- El tiempo en la antigua
India - El tiempo para la antigua
Grecia - El tiempo en la antigua
Roma - El tiempo en la Edad
Media - El tiempo en el mundo
moderno - El tiempo en el mundo
contemporáneo - Bibliografía
La concepción del tiempo ha ido
variando a lo largo de la Historia, se ha interpretado
y comprendido de muy variadas formas, en constantes avances y
retrocesos.
En las primeras culturas, tal como enseñó Mircea
Eliade, el gran investigador de las religiones y tradiciones
antiguas, existía un tiempo cíclico, marcado por
ritos periódicos en relación con los procesos de
siembra y cosecha, por los solsticios y ritmos significativos del
sol y de determinados astros, por festividades religiosas
periódicas, por celebraciones que emulaban el origen o
fundación de su cultura. El
tiempo, como medida, no tenía valor.
Para la mentalidad clásica todo fluye, todo está
en constante movimiento,
nada en el Universo puede
detenerse, todo vibra, todo camina, y el propio hombre como
parte integrante de la naturaleza no
puede sustraerse a participar de esa danza
cósmica. De esta visión participaban tanto los
egipcios como los griegos, pero la hallamos mucho antes expresada
en la India
milenaria.
Para el pensamiento
hindú, el hombre
está sometido a las leyes naturales,
y por ello es un ser que se ve sometido a cambios
rítmicos, a ciclos que le llevan a pasar por vaivenes y
altibajos, tal como se suceden y renuevan las estaciones, tal
como se repiten las etapas de las grandes lluvias y de
sequía.
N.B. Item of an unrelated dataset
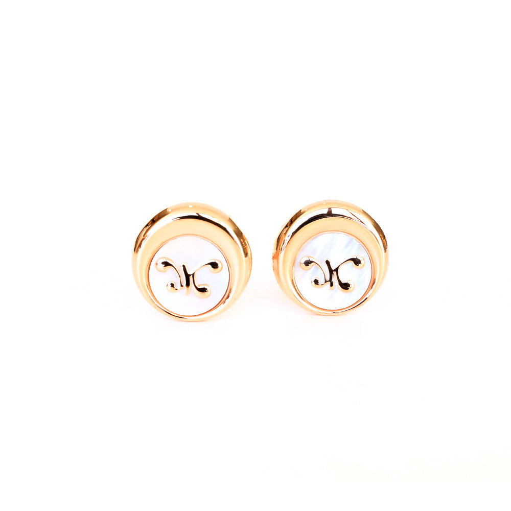 Korloff Cufflinks Luna Full Ip Rosegold & Mop With Ip Rosegold Brand Logo

En cada etapa, en cada ciclo individual e
histórico, el hombre comprenderá parte de su
verdad.
La concepción hindú, que integra la idea de la
reencarnación como necesidad de que el hombre se ponga a
prueba y ejercite, a lo largo de innúmeras vidas y en
diversas circunstancias y experiencias aquello que sueña,
aquello que desea, hasta forjar en sí mismo una realidad
más profunda y evolucionada, pareciera que ve al hombre
como quien se desplaza sobre los acontecimientos y
civilizaciones, aunque en el fondo concibe al tiempo como algo
que corre bajo sus pies, de modo que las experiencias que se
suceden en esta vida o en varias sirven a la comprensión
profunda de la conciencia
imperecedera del hombre interior, aquel que somos más
allá de los ropajes que vamos adquiriendo en cada vida
particular.
Para la mentalidad hindú, reflejo de una
concepción filosófica oriental, más
allá de lo cambiante, más allá de las edades
(yugas) por las que atraviesa el hombre y las civilizaciones hay
algo permanente, que es el verdadero ser; por lo tanto, lo
cambiante está sometido al paso del tiempo, al desgaste de
las formas y de la materia, pero
lo imperecedero, el ser interior en el hombre, está
anclado en un mundo eterno o más bien atemporal.
EL TIEMPO PARA LA ANTIGUA
GRECIA
Según Platón
«el tiempo es la imagen
móvil de lo eterno», por lo tanto al expresarse en
éstos términos podemos entender que no lo
concebía como una dimensión estática y
meramente objetiva. Platón
recoge las ideas de otro gran iniciado, Parménides, pues
las fuentes de su
formación fueron las mismas: las antiguas Escuelas de
Misterios.
Admiten ambos por lo tanto la existencia de la eternidad, aunque
ella está en relación con el «ser» o la
esencia de los seres y objetos, en tanto que «la
apariencia» de los mismos está en relación
con el mundo de lo «temporal». El ser pertenece al
mundo de las ideas, en tanto que nosotros tan sólo
captamos las apariencias de
las cosas, su existencia en el mundo sensible o manifestado.
Platón y Parménides creen en un mundo gradual,
con múltiples niveles de plasmación o de realidad.
El espíritu precisa del cuerpo para manifestarse, pero
ambos, como toda la sabiduría tradicional, dan más
realidad al espíritu que al cuerpo, en contra de la
visión actual, y entre ambos hay una gradación de
niveles de comprensión, de conciencia, que ha de retornar
al hombre a descubrir su esencia.
Pero si esto es así, el tiempo como medida de lo
cambiante tan sólo es necesario en el mundo de la
existencia. Por ello Platón proponía un uso del
día equilibrado, en el que además del negocio no
faltaban los placeres del alma, los
«divinos ocios», en que el teatro, la
pintura, la
oratoria,
la lectura,
etc., es decir, la formación profunda del alma hallara su
alimento diario. Según Platón una cuarta parte del
día debiera ser destinada a dormir, una cuarta parte al
trabajo, una
cuarta parte a la comida, la higiene y
similares menesteres, y una cuarta parte a los divinos ocios.